Records from a dataset:

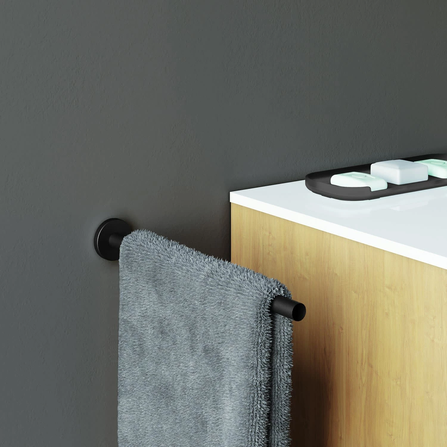 Wenn Sie einen Handtuchhalter haben möchten, aber nicht genug Platz haben, um ihn an der Wand anzubringen, ist die Lösung ein senkrechter Handtuchhalter wie dieser. Sein Finish ist ein Soft Black, ein extra mattes Schwarz, das es sehr widerstandsfähig, kompakt und gleichmäßig macht. Darüber hinaus ist er nach der Installation vollständig an der Wand befestigt, da es über ein von Cosmic entwickeltes, extrem widerstandsfähiges Befestigungssystem verfügt, das die vollständige Befestigung garantiert. Dieser Handtuchhalter gehört zu der Kollektion Architect S+, die von Cosmic Studio mit dem Ziel entworfen wurde, eine Kollektion mit maximaler Funktionalität anzubieten. Cosmic ist eine Marke, die sich auf Designer-Bad-Accessoires und -Möbel spezialisiert hat. Sie zeichnet sich durch Innovation und die Verwendung neuer Materialien aus und ist bestrebt, das Wohlbefinden der Badbenutzer zu fördern. Der Handtuchhalter ist aus Messing oder ähnlichen Legierungen hergestellt. Das Produkt hat eine Garantie von 10 Jahren. Zur Reinigung Seifenwasser verwenden, mit viel Wasser abspülen und anschließend mit einem weichen Tuch oder Fensterleder abtrocknen. Verwenden Sie niemals starke säurehaltige Produkte, Bleichmittel oder Scheuermittel.
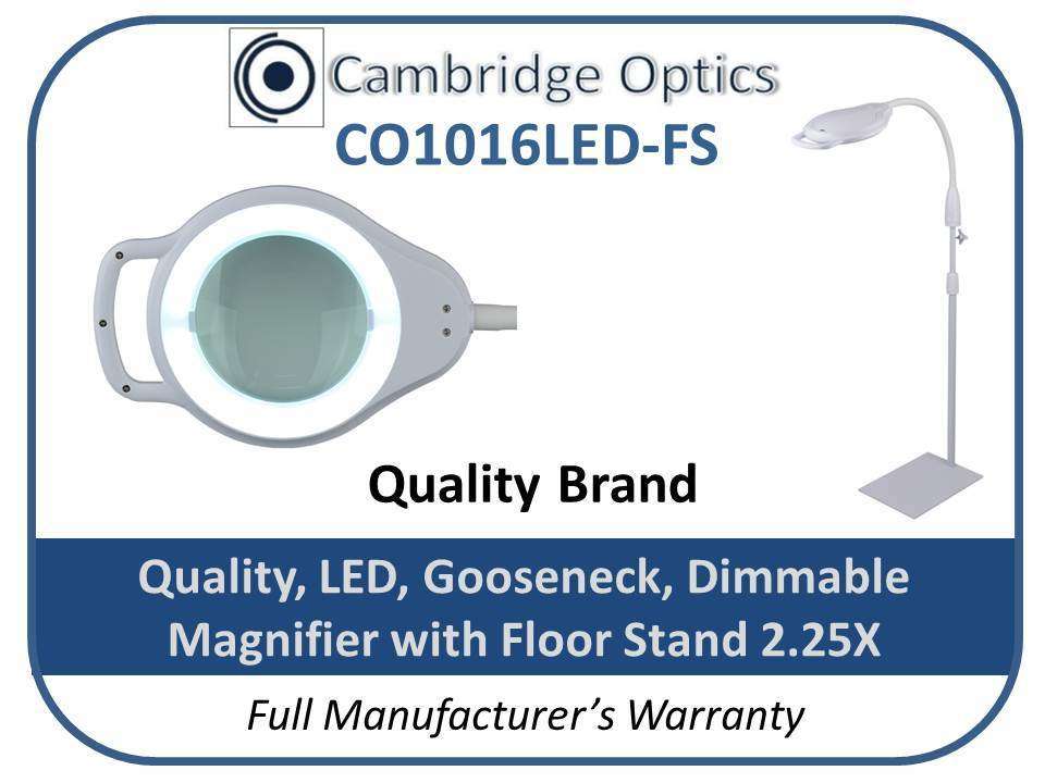 2.25X Flexible Gooseneck Dimmable LED Illuminated Magnifier, Adjustable Floor Stand. Quality Optics
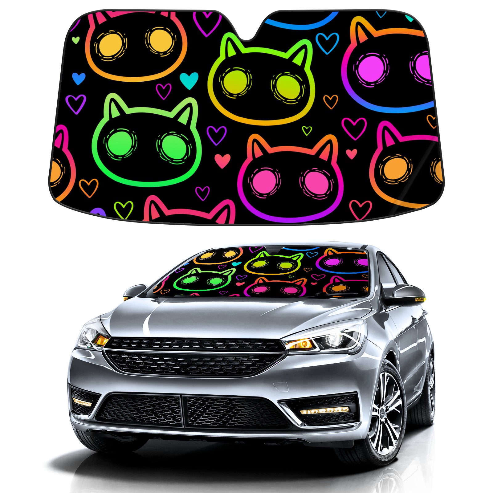 Car Windshield Sun Shade For Front Window Halloween Cute Witchcraft Cat Foldable Vehicle Windshield Car Sun Visor Covers Automotive Window Protector Car Camping Privacy Sun Blocker
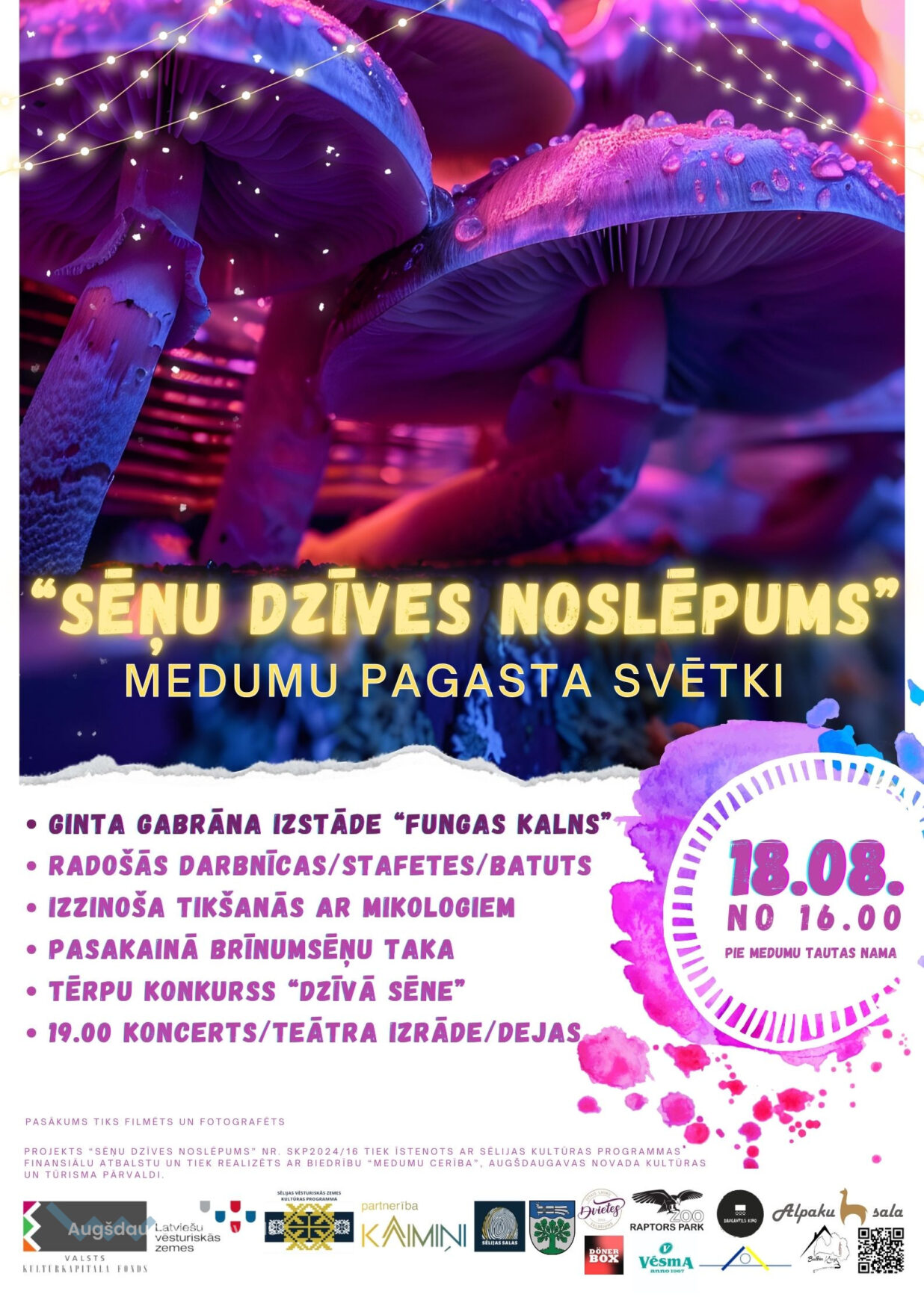 Projekts “Sēņu dzīves noslēpums” Nr. SKP2024/16 tiek īstenots ar Sēlijas kultūras programmas finansiālu atbalstu un tiek realizēts ar biedrību “Medumu Cerība”, sadarbībā ar Augšdaugavas novada Kultūras un Tūrisma pārvaldi
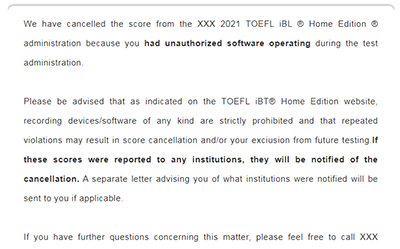 最近不少同學反饋說,自己幾個月1前考的在家托福成績被ETS取消了,根據ETS發的郵件說,理由是:had unauthorized software operating(使用了與考試無關的軟件)。

Task brief:
The result should be a precise copy of all the entries, free of pictures.

Exercise answer:
 Wenn Sie einen Handtuchhalter haben möchten, aber nicht genug Platz haben, um ihn an der Wand anzubringen, ist die Lösung ein senkrechter Handtuchhalter wie dieser. Sein Finish ist ein Soft Black, ein extra mattes Schwarz, das es sehr widerstandsfähig, kompakt und gleichmäßig macht. Darüber hinaus ist er nach der Installation vollständig an der Wand befestigt, da es über ein von Cosmic entwickeltes, extrem widerstandsfähiges Befestigungssystem verfügt, das die vollständige Befestigung garantiert. Dieser Handtuchhalter gehört zu der Kollektion Architect S+, die von Cosmic Studio mit dem Ziel entworfen wurde, eine Kollektion mit maximaler Funktionalität anzubieten. Cosmic ist eine Marke, die sich auf Designer-Bad-Accessoires und -Möbel spezialisiert hat. Sie zeichnet sich durch Innovation und die Verwendung neuer Materialien aus und ist bestrebt, das Wohlbefinden der Badbenutzer zu fördern. Der Handtuchhalter ist aus Messing oder ähnlichen Legierungen hergestellt. Das Produkt hat eine Garantie von 10 Jahren. Zur Reinigung Seifenwasser verwenden, mit viel Wasser abspülen und anschließend mit einem weichen Tuch oder Fensterleder abtrocknen. Verwenden Sie niemals starke säurehaltige Produkte, Bleichmittel oder Scheuermittel.
 2.25X Flexible Gooseneck Dimmable LED Illuminated Magnifier, Adjustable Floor Stand. Quality Optics
 Car Windshield Sun Shade For Front Window Halloween Cute Witchcraft Cat Foldable Vehicle Windshield Car Sun Visor Covers Automotive Window Protector Car Camping Privacy Sun Blocker
 Projekts “Sēņu dzīves noslēpums” Nr. SKP2024/16 tiek īstenots ar Sēlijas kultūras programmas finansiālu atbalstu un tiek realizēts ar biedrību “Medumu Cerība”, sadarbībā ar Augšdaugavas novada Kultūras un Tūrisma pārvaldi
 最近不少同學反饋說,自己幾個月1前考的在家托福成績被ETS取消了,根據ETS發的郵件說,理由是:had unauthorized software operating(使用了與考試無關的軟件)。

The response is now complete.